"Fireflies" is the debut single from American electronica project Owl City's album Ocean Eyes. Frontman Adam Young wrote how he enjoyed the fireflies in his hometown of Owatonna, Minnesota, and the rest of the track about seeing fireflies while he was awake with insomnia, with Matt Thiessen also producing and providing guest vocals. The song is built around a "bleepy" synthline and includes lyrics about insomnia, fireflies and summer.

The song topped the Billboard Hot 100 for two non-consecutive weeks. Internationally, the song also topped the charts in Australia, Belgium, Denmark, Finland, the Netherlands, Norway, Ireland, Sweden and the United Kingdom. "Fireflies" was Owl City's only top forty hit in the United States until three years later when "Good Time", a duet with Canadian singer Carly Rae Jepsen, charted at No. 8. It has been covered by Christina Grimmie, Cheryl Cole and others.

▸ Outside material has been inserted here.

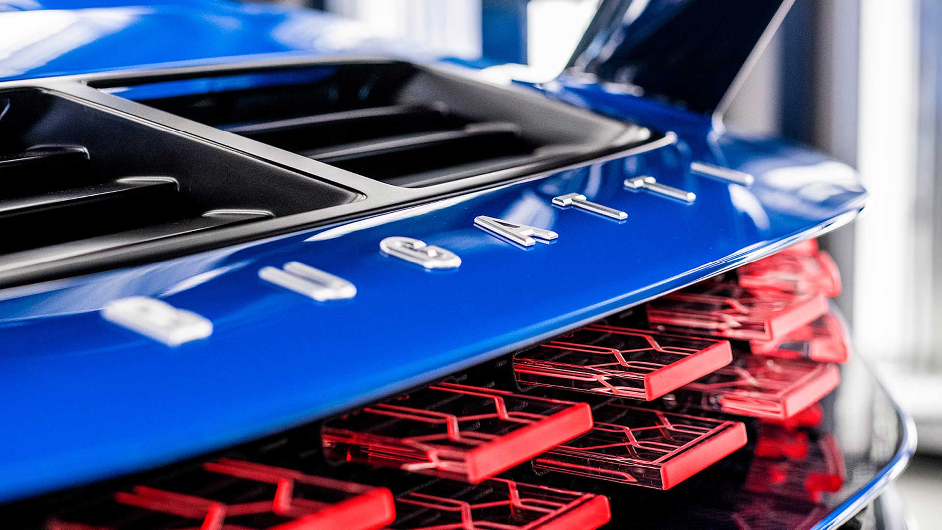 Dopo un lungo periodo di sviluppo, una delle 10 unità previste della Centodieci è stata consegnata al primo cliente. Si tratta di un esemplare che propone l’iconica tinta blu che richiama quella dell’EB110 originale. La base tecnica è quella della Chiron, tuttavia i progettisti hanno rivisto completamente la carrozzeria, andando a riprendere alcuni degli stilemi presenti in origine come le prese d’aria posizionate dietro i finestrini.

"Fireflies" is featured in the video game Disney Sing It: Party Hits, and was used in the promotional video for EyePet. It is available as downloadable content for Guitar Hero 5, Guitar Hero: Warriors of Rock and Rock Band 3.

Composition
"Fireflies" is centered on Young's struggle with insomnia; he first developed the song "awake in the early hours of the morning" to occupy his mind. It was also inspired by a camping trip he took up to a "totally rustic and kind of remote lake in northern Minnesota"; he tried to emulate the experience of seeing a meteor shower that gave him "a cool idea of shooting stars being fireflies." Young was living with his parents, and recorded most of the song in their unfinished basement. The song is layered with dozens of instrumental tracks, including its drum loop, piano, organ, synthesizer, vibraphone, violin, viola, and cello, which was performed by a cellist Young hired. He recorded electric guitar overlays but did not own an amplifier, so he plugged the instrument directly into his computer.

Critical reception

"Fireflies" was generally well received by music critics. Ben Sheehan of Billboard called the track, "a welcome refreshment." Praising the song for being "uniquely constructed," he also added, "it's the pianos and guitars that really crack the song wide open." In another positive review, Nick Levine of Digital Spy remarked, "there's nothing twee or cutesy about the socking great chorus Young unleashes here." Caroline Sullivan at The Guardian called the tune "unfeasibly bouncy". 

The song was widely compared to the music of synth-pop duo the Postal Service; Young denied it was his goal to emulate their sound or vocalist Ben Gibbard. Ian Cohen of Pitchfork called it an extraordinarily "obvious" lift of their sound. Gabriela Tully Claymore, writing for Stereogum in 2017, remembered it as "diet Postal Service".

Chart performance
"Fireflies", when featured as iTunes' free "Single of the Week," garnered 650,000 downloads, influencing Universal Republic to move Ocean Eyes release date from September 1, 2009, to July 28. The song debuted on the Billboard Hot 100 in early-September at No. 97. The song reached No. 1 during its tenth week, becoming Owl City's first No. 1 single. The song stayed at No. 1 for two non-consecutive weeks, in the top ten for fifteen weeks and on the Hot 100 for 31 weeks. "Fireflies" contributed to sales of the album Ocean Eyes, and was credited as being responsible for its entry to the top ten on the U.S. Billboard 200. On the Billboard Hot 100 2009 year-end chart, it was ranked sixtieth. On the Billboard Hot 100 2010 year-end chart, it was ranked thirtieth. The RIAA certified "Fireflies" 3× Platinum in June 2010.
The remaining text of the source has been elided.